Can the convex hull of $3$ points in a Cartan-Hadamard manifold be smooth?
A Cartan-Hadamard manifold $M$ is a complete simply connected manifold with nonpositive curvature (so it includes the Euclidean and hyperbolic spaces as special examples). A subset of $M$ is convex if it contains the geodesic connecting every pair of its points. The convex hull of a set is the intersection of all convex sets which contain it. A convex set is smooth if its boundary is a differentiable hypersurface, i.e., the tangent cones of the boundary are all flat.
Best Answer
I believe that the idea described by Ian Agol works, and can be elaborated on as follows. The general fact we want to establish is that the convex hull of a finite collection $X$ of points in $M$ is not smooth. Actually, the so called horro-hull, that is the intersection of all horro-balls which contain $X$ is not smooth. It follows that the convex hull is not smooth, because it lies in the horro-hull.
First let us recall that balls in $M$ are convex, because the distance function from a point in $M$ is convex. Given a ball $B$ in $M$ and a point $x$ on the boundary $\partial B$ of $B$, we can always find a larger ball $B'$ which contains $B$ and intersects $\partial B$ only at $x$. Letting the radius of $B'$ go to infinity yields a horro-ball which contains $X$ and whose boundary passes through $x$.
Let $B$ be the ball of smallest radius containing $X$. Then some point $x$ of $X$ lies on $\partial B$. Let $B'$ be a ball which contains $B$ and intersects $\partial B$ only at $x$. Then all points of $X$ other than $x$ lie in the interior of $B'$. It follows that every point in an open neighborhood of the center of $B'$ is the center of a ball which contains $X$ and whose boundary passes through $x$. Hence the normal cone of the horro-hull of $X$ at $x$ must have interior points, which yields that the tangent cone of the boundary of the horro-hull at $x$ cannot be flat.

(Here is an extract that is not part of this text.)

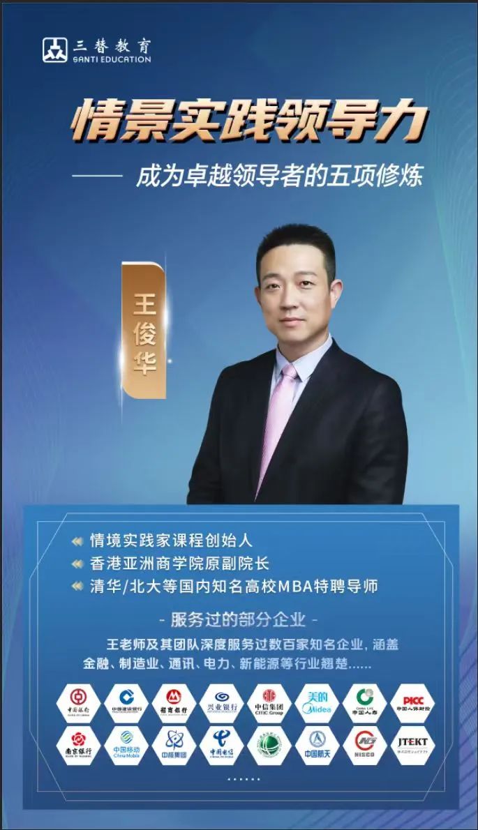 本期課程主講嘉賓王俊華老師是情境實踐家課程創始人、香港亞洲商學院原副院長,王老師擁有十五年的企業管理經驗,曾任清華、北大等國內知名高校MBA特聘講師。千場培訓、聲譽卓著,融匯理論與實務,持續為企業發展賦能助力,贏得了業界良好的口碑和贊譽。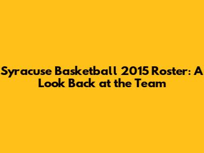 Hey basketball fanatics! Let's rewind the clock and dive into the 2015 Syracuse Orange basketball roster. This was a season filled with its share of ups and downs. It's time to relive the memories, analyze the players, and appreciate the journey. We're going to break down the key players, their contributions, and what made the 2015 team tick. So, grab your orange gear, and let's get started! We will explore the players that made the 2015 team. We will look at their roles, stats, and how they contributed to the team's overall performance. From the star players to the unsung heroes, we'll cover it all. So, let's lace up our virtual sneakers and get ready to reminisce about the Syracuse Orange basketball team of 2015. We'll examine the coaching staff, including the legendary Jim Boeheim, and how their strategies shaped the team's performance. Furthermore, we will delve into the season's highlights, key games, and memorable moments that defined the 2015 season for the Syracuse Orange. Buckle up, guys, it's going to be a fun ride through Syracuse basketball history!

Addendum (12/8/2023): More generally, if we have a finite collection of points in $M$ which are convexly independent, i.e., no point is contained in the convex hull of others, then every point is a singularity of the convex hull. Establishing this fact requires a bit more work, because in general there may not exist a sphere which passes through each of the points and contains the other points in the interior of the ball that it bounds.
To prove this, given a point $p$ from the collection $X$ of points, consider the convex hull $C$ of $X-\{p\}$. By assumption $p$ has distance $d>0$ from $C$. Let $C_d$ be the outer parallel body of $C$ at distance $d$. Then the boundary of $C_d$ forms a smooth ($C^{1,1}$) convex surface passing through $p$, while $X-\{p\}$ lies in the interior of $C_d$ (convexity of $C_d$ is due to the fact that the distance function from a convex set in a Cartan-Hadamard manifold is convex, and smoothness follows from the fact that a ball of radius $d$ rolls freely inside $C_d$).
Now note that by perturbing the elements of $X-\{p\}$ we may construct many different smooth convex surfaces which pass through $p$ and contain $X-\{p\}$. All these surfaces contains the convex hull of $X$. Hence as discussed earlier, the tangent cone of the boundary of the convex hull of $X$ at $p$ cannot be flat. Indeed the normal cone of the convex hull at $p$ (which is dual to the tangent cone of the convex hull) has full dimension.